Mutations that disrupt the mitochondrial genome cause a number of human diseases whose phenotypic presentation varies widely among tissues and individuals. This variability owes in part to the unconventional genetics of mitochondrial DNA (mtDNA), which includes polyploidy, maternal inheritance and dependence on nuclear-encoded factors. The recent development of genetic tools for manipulating mitochondrial genome in Drosophila melanogaster renders this powerful model organism an attractive alternative to mammalian systems for understanding mtDNA-related diseases. In this review, we summarize mtDNA genetics and human mtDNA-related diseases. We highlight existing Drosophila models of mtDNA mutations and discuss their potential use in advancing our knowledge of mitochondrial biology and in modeling human mitochondrial disorders. We also discuss the potential and present challenges of gene therapy for the future treatment of mtDNA diseases.
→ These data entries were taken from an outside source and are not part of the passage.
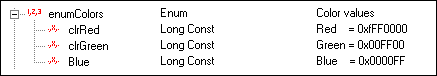The enumColors data type contains three definitions: Red, Green, and Blue, which are each assigned a hexadecimal value. ATEasy substitutes the values when you use the enumerated type in your code. For example if you use the Red definition, ATEasy substitutes the value 0xFF0000.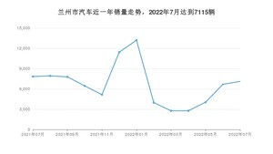 2022年7月,兰州市汽车总销量为7115辆,同比下降9.09%,环比增长6.69%。2021年07月-2022年07月份,兰州市总销量为87063辆,同比下降22.54%。在最近1年中,兰州市销量在2022年01月达到最高,销量为13197辆。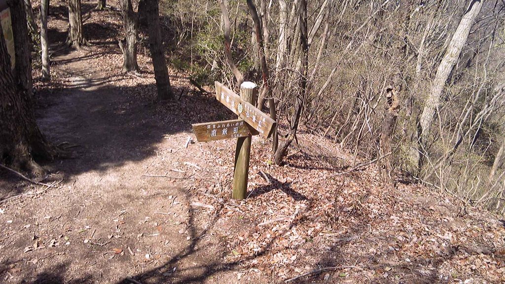 下り始めてすぐに行先が読めない分岐点に突き当たった。「大」と読めるので五大力堂に下りる登山道のような気がしたのだが、1/25000図だともう少し先のように見えるし、傾斜も急だったのでやめておいた。いざとなれば県道登山口まで出てもいい。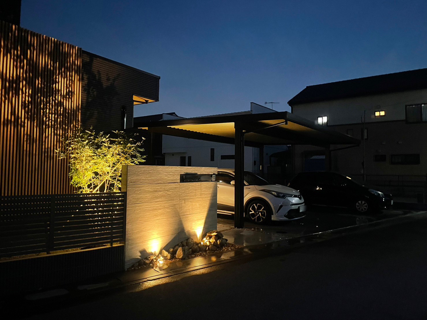 シマトネリコの植栽スポットライトは【タカショー:ガーデンアップライト ルーメック M 広角】を使用しています。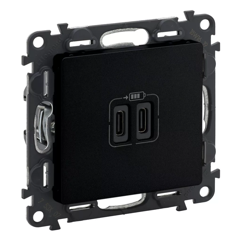Priză dublă USB-C + USB-C Legrand Valena Life 3A–15W, negru - 756307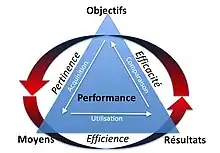 L’application de la performance dans une organisation est une méthode permettant d’atteindre les objectifs organisationnels en réalisant des produits et services de qualité à partir des justes ressources. Cette trinité à tempérance variable fait en sorte que le mouvement d'un seul axe doit s'équilibrer sur les deux autres en tout temps: l'ajout de nouveaux objectifs doit faire réviser les ressources disponibles ainsi que les produits et services livrés; le retrait de ressources doit vérifier les impacts sur l'atteinte des objectifs et des produits et services produits; etc. Il est dès lors important de toujours évaluer la performance sur ses trois axes, soit la pertinence, l'efficience et l'efficacité.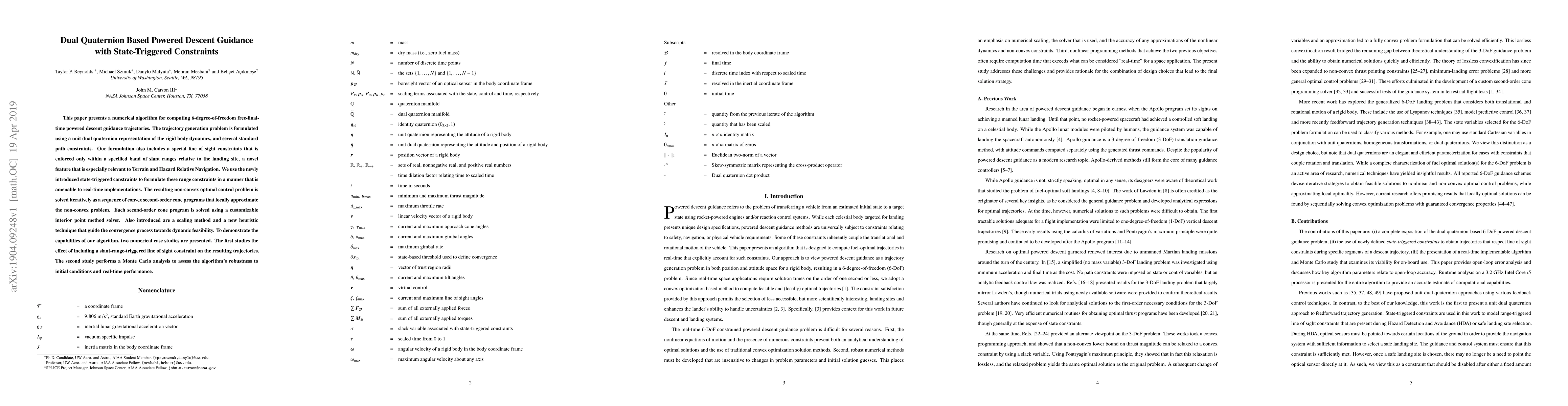 This paper proposes a dual quaternion-based algorithm for generating 6-DOF powered descent trajectories with state-triggered constraints, including a novel slant-range-triggered line of sight constraint for Terrain and Hazard Relative Navigation. The non-convex optimal control problem is solved iteratively via convex second-order cone programs, demonstrating robustness and performance through numerical case studies.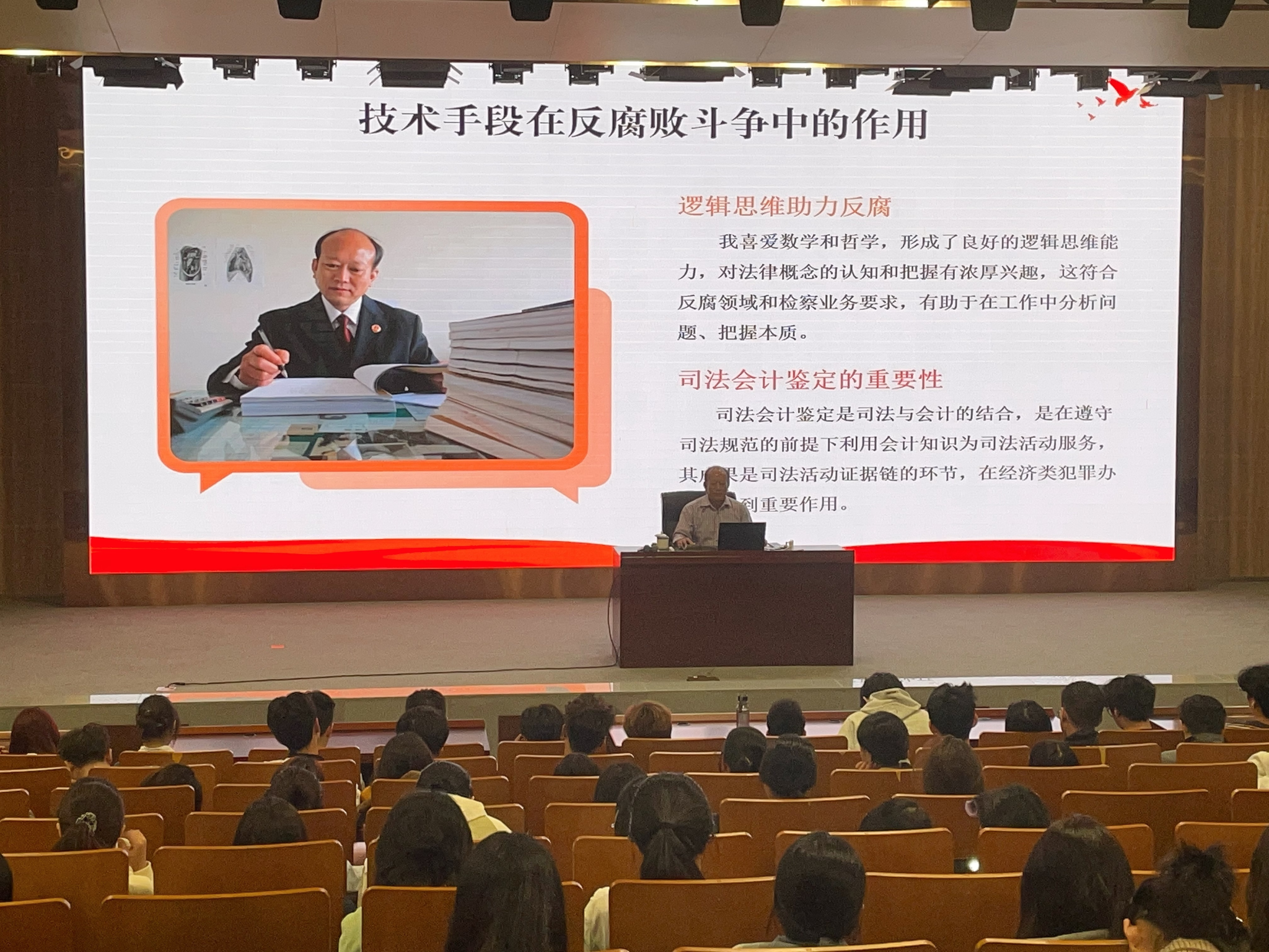 围绕反腐核心主题,金建文通过集资诈骗、金融系统贪污等典型案例,详解了司法会计鉴定等技术手段在案件侦破中的关键作用,强调“无技术则无侦查”的实战经验。他警示师生,“伸手只有零次和无数次之分”,公职人员必须坚守法律底线,严控欲望防线。同时,他结合自身遭遇的诱惑与挑战,讲述了坚守公平正义的职业坚守,传递了“求真知、做实事、讲奉献”的人生追求。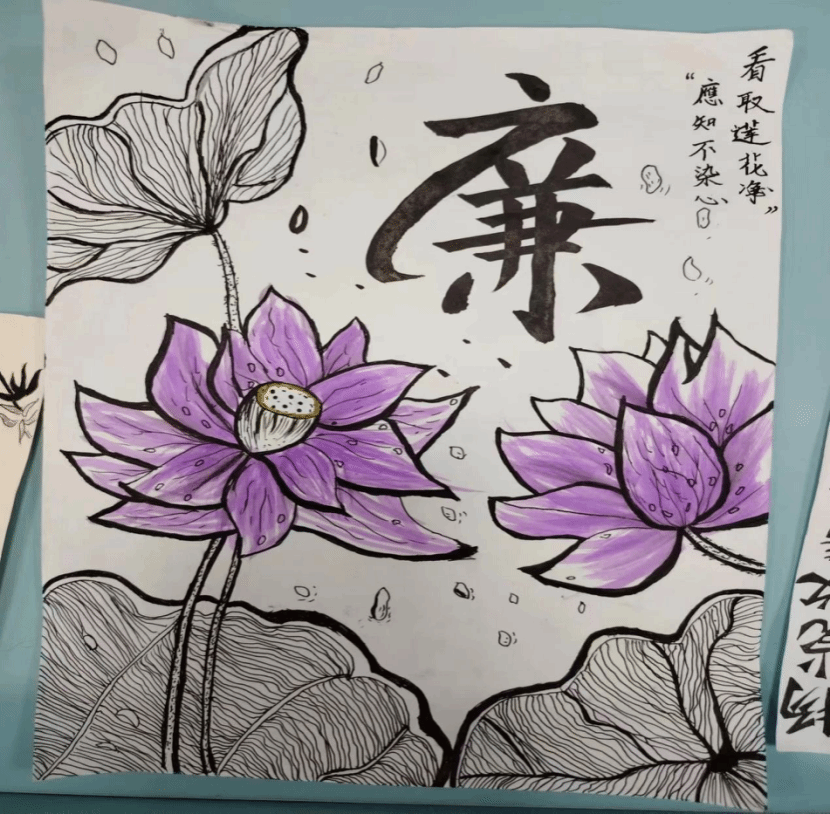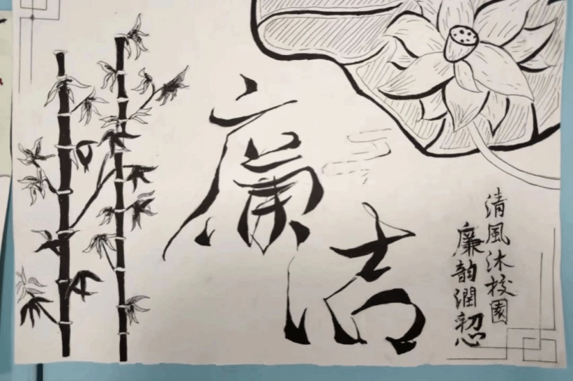 古有周敦颐“莲出淤泥而不染,濯清涟而不妖,中通外直,不蔓不枝,香远益清,亭亭净植”,今有同学们画莲喻清廉,刻竹喻正直,现青天喻公正等。一幅幅手抄报都含有着清廉、正直的意蕴,同学们将自己心目中代表清廉的事物形象通过手抄报的形式展现了出来。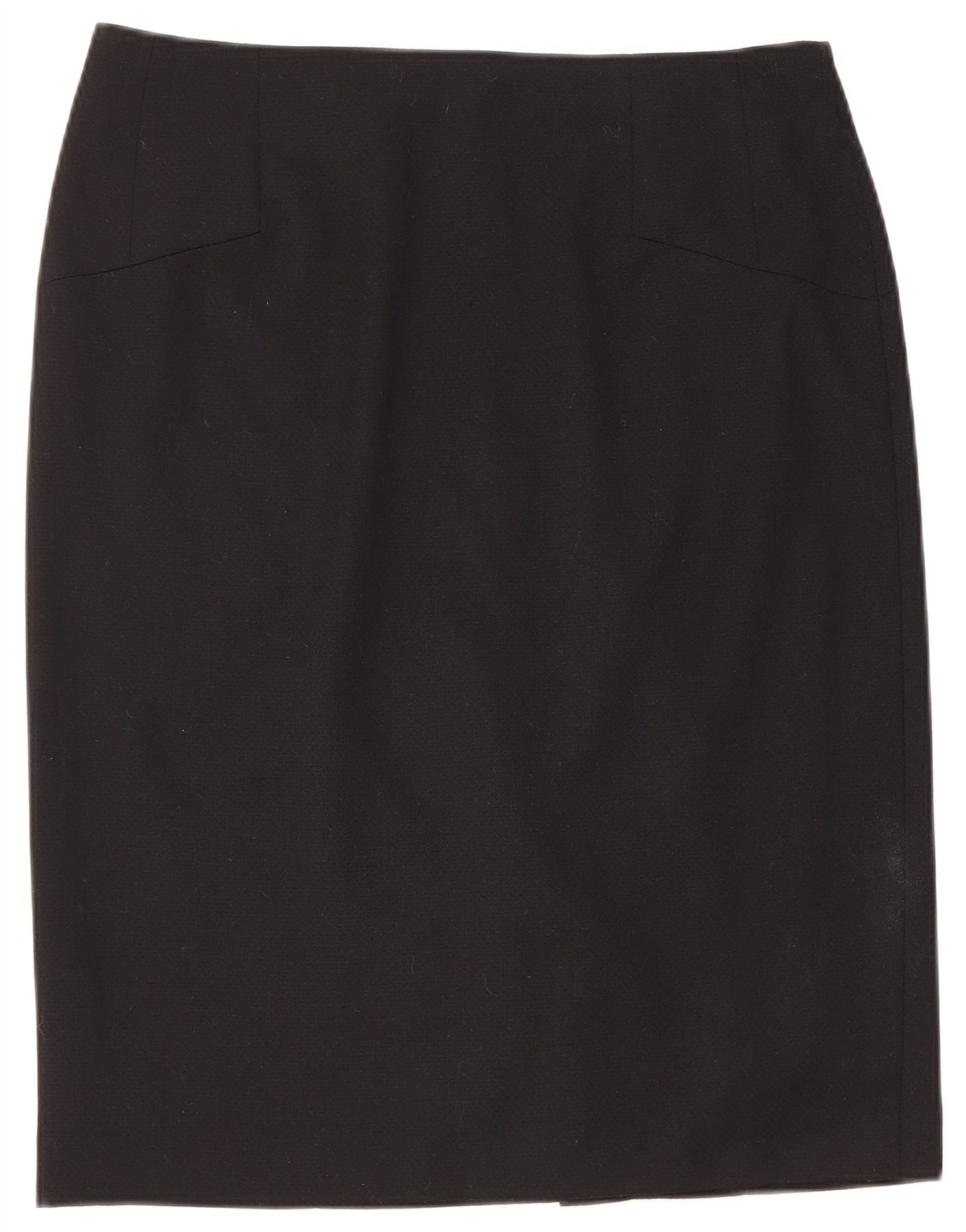 REISS Womens Straight Skirt UK 14 Large W32 Black Wool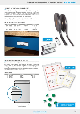 www.eichner-org.de 61LAGERORGANISATION UND KENNZEICHNUNG << EICHNERBest.-Nr. Format Preis/VE9218-06000 DIN A4 %u20ac 10,409218-06001 DIN A5 %u20ac 8,109218-06002 DIN A6 %u20ac 6,70Die robusten Sichttaschen mit Schutzlasche sind dokumentenecht und haben eine %u00d6ffnung an der Oberseite, sowie eine mittig geschwei%u00dfte Lochung. Sie sind aus 0,20 mm starker PP-Folie gefertigt und sind zum Schutz von Aush%u00e4ngen und Etiketten in diversen Formaten erh%u00e4ltlich. Die Schutzlasche verhindert das Eindringen von Spritzwasser und sch%u00fctzt das eingelegte Schriftst%u00fcck vor dem Herausfallen.VE = 10 St%u00fcckSICHTTASCHEN MIT SCHUTZLASCHE>>ab 0,67 %u20ac/St Best.-Nr. Gr%u00f6%u00dfe VE Preis/VE9218-02365 30 x 100 mm 20 St%u00fcck %u20ac 17,909218-02366 50 x 100 mm 20 St%u00fcck %u20ac 26,909218-02367 30 mm x 50 m 1 Rolle %u20ac 169,009218-02368 50 mm x 50 m 1 Rolle %u20ac 249,00Geben Sie Ihren Aush%u00e4ngen eine passende %u00dcberschrift und sorgen Sie f%u00fcr eine klare Struktur. Die Papiereinlage l%u00e4sst sich schnell und m%u00fchelos in das Profil einschieben und kann leicht wieder ausgetauscht werden. Die transparente Klarsichtfolie bietet einen guten Schutz vor Verschmutzung und l%u00e4sst sich ebenfalls in das Profil einschieben. Hinweis: Bei der Rollenware liegen Klarsichtfolie und Papiereinlage in ausreichender Menge als Meterware bei.VE = 20 St%u00fcck/Pack oder 1Rolle mit 50mMAGNET C-PROFIL ALS %u00dcBERSCHRIFT>>ab 0,90 %u20ac/St Sichttaschen aus transparenter, 0,20 mm starker PP-Foliemit SchutzlascheDetail SchutzlaschePassende Durchsteckhalter finden Sie auf Seite 62.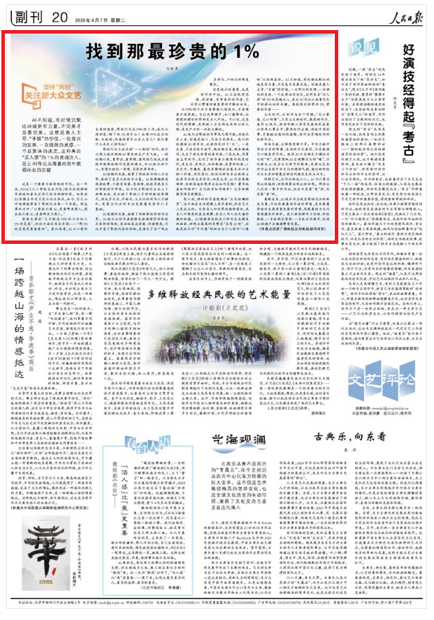 这篇副刊文章被安排在“坚持“两创”·关注新大众文艺”专栏中,该专栏每周二都会在《人民日报》“副刊”头条位置刊发。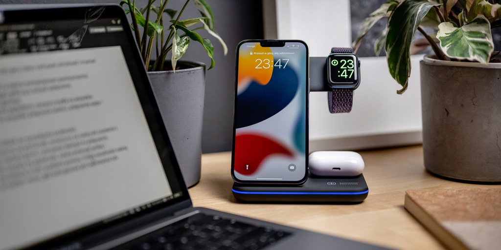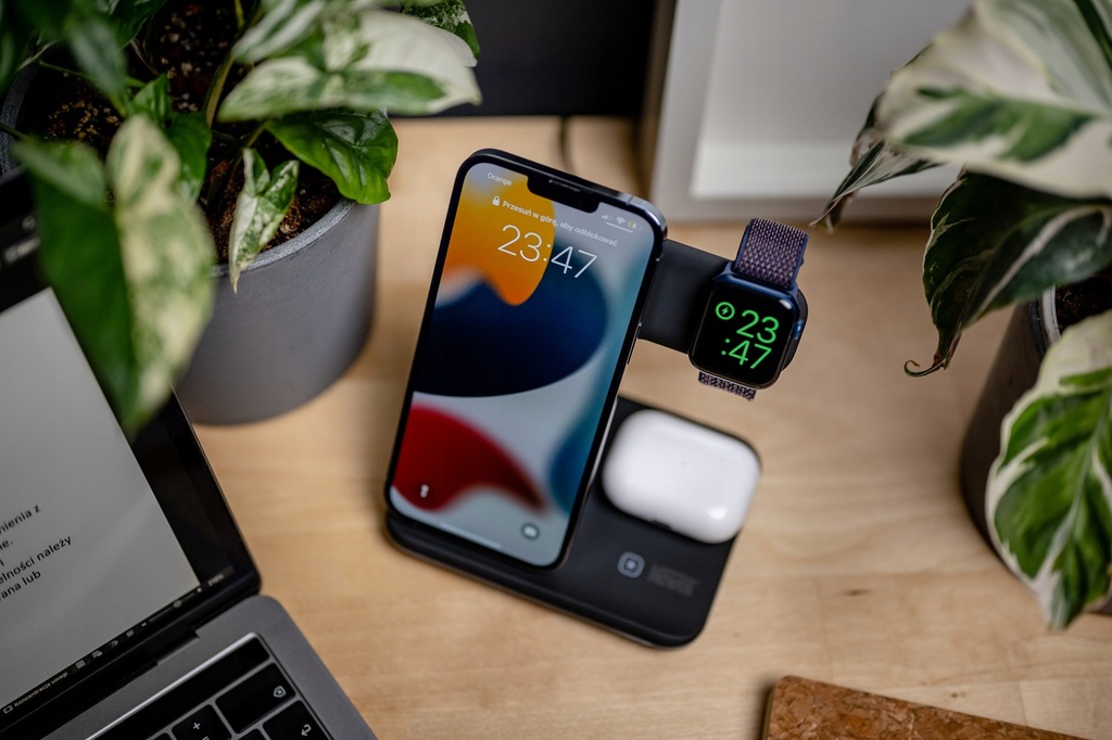 - stacja umożliwiająca bezprzewodowe ładowanie 3 urządzeń jednocześnie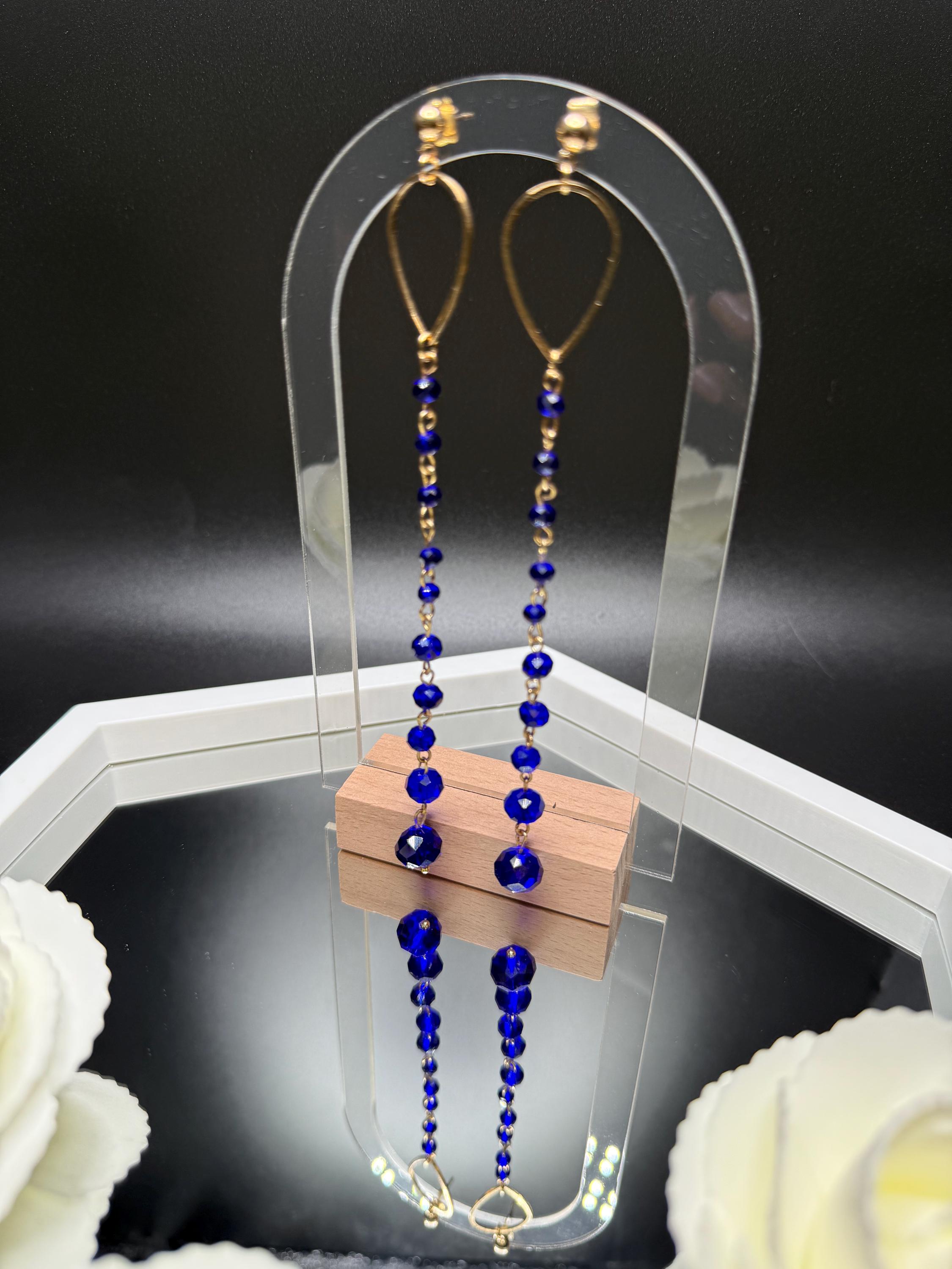 Blue Crystal Beaded Long Earrings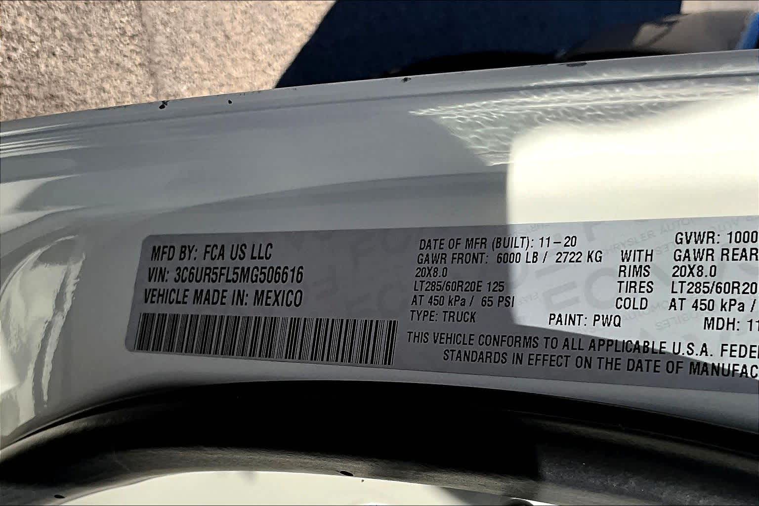 - VIN : 3C6UR5FL5MG506616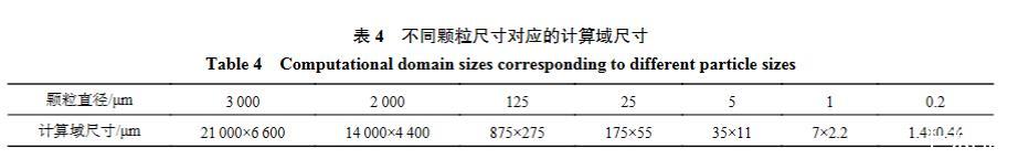 筆者為了將數值模擬結果與實驗結果進行對比驗證,在21 mm×66 mm的計算域內,設置了一個直徑為3 mm的顆粒,如圖2所示。筆者為研究不同尺寸樣本的碰撞行為,將根據顆粒大小對於數值模擬計算域相應的進行縮放。為便於模擬結果與前人的實驗結果進行對比,筆者將液滴−顆粒直徑比Ω均設定為1.31。詳細的各個顆粒尺寸下的計算域尺寸見表4。根據粉塵顆粒的尺寸對整個計算域進行等比例縮放,單元網格的幾何形狀、單元網格之間的關係以及網格質量都不會發生變化。因此計算域縮放前後不會造成模擬結果可靠度下降。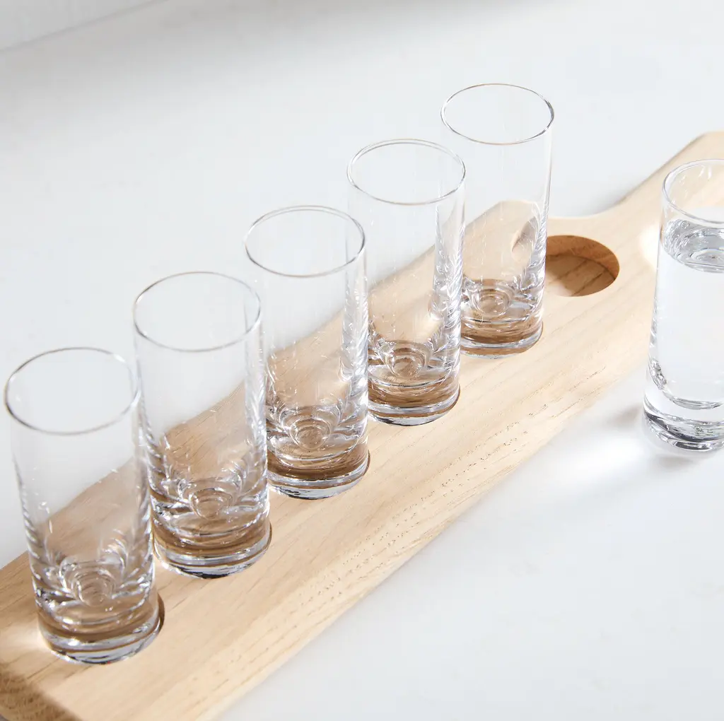 A set for serving after-dinner drinks. Made from natural wood. Serve guests in rustic style.

破坏线粒体基因组的突变会导致许多人类疾病，这些人类疾病的表型表现在组织和个人之间差异很大。这种变异性部分归因于线粒体DNA（mtDNA）的非常规遗传学，包括多倍体，母体遗传和对核编码因子的依赖性。在果蝇中操纵线粒体基因组的遗传工具的最新发展，使这种功能强大的模型生物成为哺乳动物系统了解mtDNA相关疾病的诱人替代品。在这篇综述中，我们总结了mtDNA遗传学和人类mtDNA相关疾病。我们强调现有的果蝇mtDNA突变的模型，并讨论它们在增进我们对线粒体生物学知识和对人类线粒体疾病进行建模中的潜在用途。我们还讨论了基因治疗在mtDNA疾病未来治疗中的潜在和当前挑战。